WORK ORDER |
Please reproduce all of the data exactly as it appears, but skip the pictures.

PROVIDED DATA |

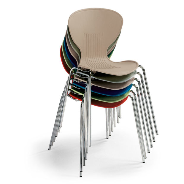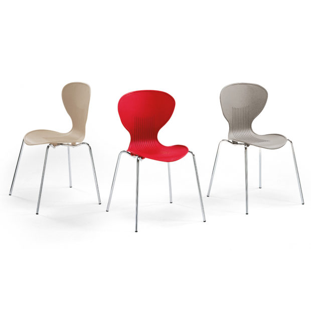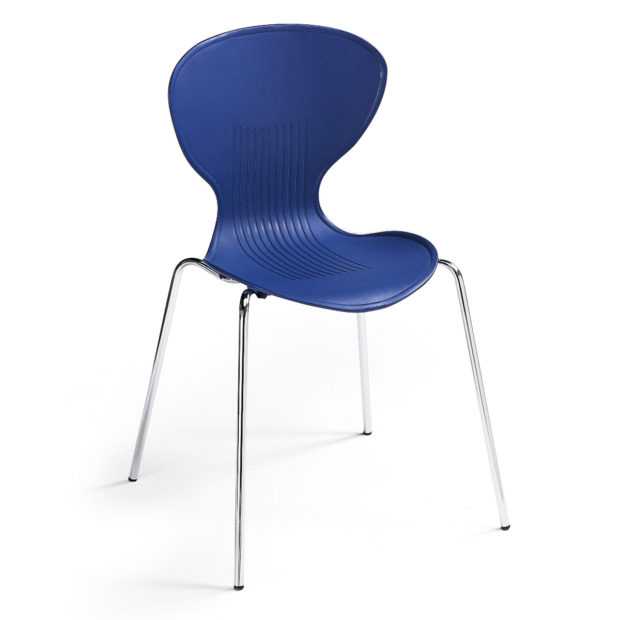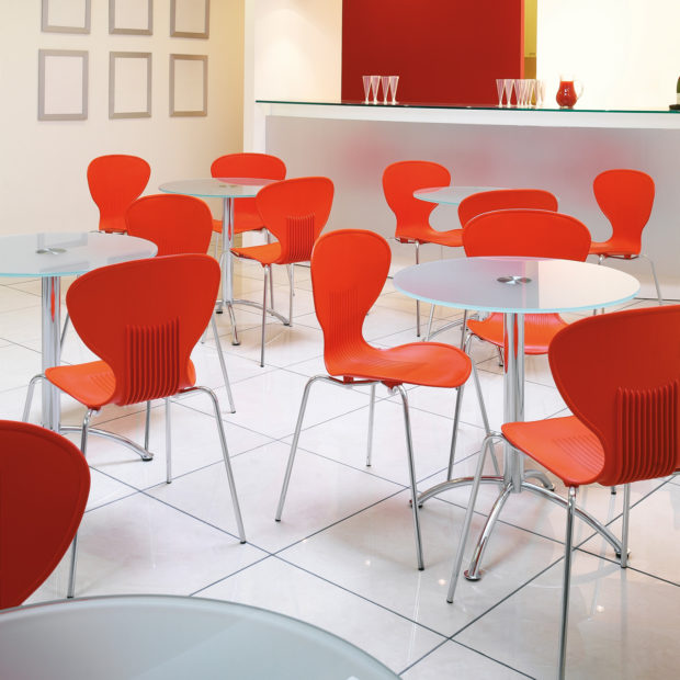 A modern bistro chairs manufactured with a bright chrome frame finish and durable polypropylene shell. Flash 4-leg is ideal in breakout areas, providing excellent comfort and stacking up to 6 chairs high. The extensive range is available 4-leg, skid-base, stool and beam configurations.
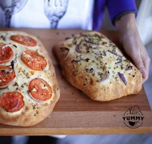4. выложите кольца лука, помидора, чеснок, тмин и тимьян. Сбрызните оливковым маслом, оставьте еще на 15 минут.
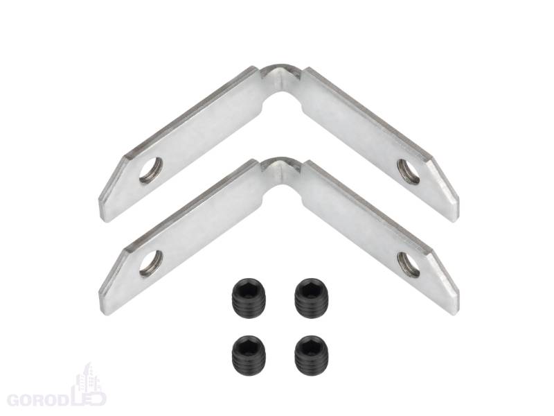Коннекторы (2 шт.) для соединения двух отрезков профиля MAG-STRETCH-ORIENT под углом 90 градусов. Устанавливаются в вертикальный паз, фиксируются идущими в комплекте винтами. Применяются при изготовлении светильников сложной геометрии.

YOUR RESPONSE |
 A modern bistro chairs manufactured with a bright chrome frame finish and durable polypropylene shell. Flash 4-leg is ideal in breakout areas, providing excellent comfort and stacking up to 6 chairs high. The extensive range is available 4-leg, skid-base, stool and beam configurations.
4. выложите кольца лука, помидора, чеснок, тмин и тимьян. Сбрызните оливковым маслом, оставьте еще на 15 минут.
Коннекторы (2 шт.) для соединения двух отрезков профиля MAG-STRETCH-ORIENT под углом 90 градусов. Устанавливаются в вертикальный паз, фиксируются идущими в комплекте винтами. Применяются при изготовлении светильников сложной геометрии.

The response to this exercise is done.